- Born: August 1, 1830 Richmond County, Virginia, U.S.
- Died: August 24, 1892 (aged 62) Richmond, Virginia, U.S.
- Buried: Hollywood Cemetery (Richmond, Virginia)
- Allegiance: Confederate States of America
- Branch: Confederate States Army
- Service years: 1861–1864 (CSA)
- Rank: Colonel (CSA)
- Commands: 40th Virginia Infantry (CSA)
- Conflicts: American Civil War
- Spouses: Austina Brockenbrough (cousin) Kate Cornelia Mallory

= John M. Brockenbrough =

Confederate Army officer in the American Civil War

John Mercer Brockenbrough (August 1, 1830 - August 24, 1892) was a farmer and a colonel in the Confederate States Army during the American Civil War.

==Early life==
Johnathan Brockenbrough, the son of Moore Fauntleroy Brockenbrough and his wife Sarah Waller Smith, was born August 1, 1830, in Richmond County, Virginia. John Brockenbrough was a second cousin of John White Brockenbrough and his sister, Civil War diarist, Judith White (Brockenbrough) McGuire. He graduated from the Virginia Military Institute in 1850.

==Civil War==
At the start of the Civil War, Brockenbrough was appointed colonel of the 40th Virginia Infantry, which served attached to Brig. Gen. Charles W. Field's Virginia brigade in Maj. Gen. A.P. Hill's Light Division and later Maj. Gen. Henry Heth's division in the Third Corps, Army of Northern Virginia. Brockenbrough led his regiment through the Seven Days Battles, a punishing series of battles that caused 50% casualties in his regiment.

Brockenbrough assumed command of the brigade after Field was wounded at the Second Battle of Bull Run and led it two days later at Chantilly. During the Maryland Campaign, Brockenbrough took part in the capture of Harpers Ferry, and then marched with the rest of the Light Division to the rescue of Gen. Robert E. Lee's army at Sharpsburg; his brigade was deployed on the far right of A.P. Hill's line and did not see any direct action there. At Fredericksburg, his brigade was ordered to plug a hole in the Confederate line that was being exploited by Union troops under Maj. Gen. George G. Meade. Brockenbrough lost control of his brigade during this action and two of his regiments split off with him and never reached the fighting. Lee apparently was not impressed with Brockenbrough's leadership qualities. Even though months had passed, the unit was still called Field's Brigade and Brockenbrough was still considered its temporary commander. Lee did not recommend John for promotion.

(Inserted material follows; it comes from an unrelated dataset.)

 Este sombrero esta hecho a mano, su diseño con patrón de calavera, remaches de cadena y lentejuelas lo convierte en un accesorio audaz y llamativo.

In early 1863, Lee brought Brig. Gen. Henry Heth from assignment in Tennessee to replace Brockenbrough in command of the brigade (soon called "Heth's Brigade"), hoping to restore it to fighting shape. During the Battle of Chancellorsville, Heth took over command of the division when Hill was wounded on May 2, 1863, which meant that Brockenbrough was back in command of the brigade on May 3, when it lost around 300 men storming the enemy line. After the battle, Brockenbrough was given a rare commendation for leading the attack by General Heth. Brockenbrough remained in brigade command when Heth was promoted to command a new division.

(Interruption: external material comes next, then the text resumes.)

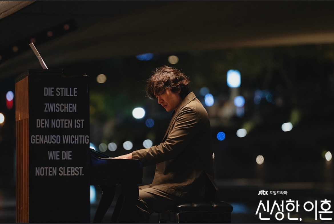 <신성한, 이혼>은 카카오페이지에 연재 중인 웹툰을 원작으로 하는 드라마다. 재미있는 설정은 조승우가 독일 유학을 떠났던 피아니스트이자 독일에서 교수로 활동했다는 점이다. 고급 와인잔에 소주를 따라 디켄팅하는 모습, 나훈아의 <테스형>을 구성지게 부르는 모습 등이 왠지 독일 유학파 피아니스트이자 교수로 활동했던 사람의 이미지와 어딘지 상반되는 느낌도 들어서다. 물론 이 또한 클래식 연주자들에 대한 고정관념일지도 모르겠다. 클래식을 공부했다고 해서 우리 전통의 음식과 문화를 즐기지 않는다는 것이 말이 안 되는 소리인데도 말이다!

At the Battle of Gettysburg, Brockenbrough's brigade was in the rear of Heth's column during the march on the Chambersburg Pike, July 1, 1863, and thus missed the morning attacks against the Union cavalry and the I Corps. In the afternoon attacks, his men advanced on a line with J. Johnston Pettigrew's North Carolina brigade, and although the latter brigade fought fiercely, suffering over a thousand casualties, Brockenbrough's brigade was hesitant and fought ineffectively against the Pennsylvanians of Col. Roy Stone and a portion of the Iron Brigade, as may be inferred from their casualty rate of 100. The brigade rested on July 2, but on July 3 participated in the bloody assault known as Pickett's Charge. There is no record that Brockenbrough marched with his men toward Cemetery Ridge that day, however, and Col. Robert M. Mayo of the 47th Virginia Infantry was in temporary command. It is possible that the death of Brockenbrough's brother during the battle on July 1 left him distraught and unable to step up to his responsibilities. Assigned to the far left flank of Pettigrew's divisional line, the brigade was subjected to heavy shelling from Union artillery on Cemetery Hill and when the 8th Ohio Infantry came up on their left flank, the Virginians turned and ran.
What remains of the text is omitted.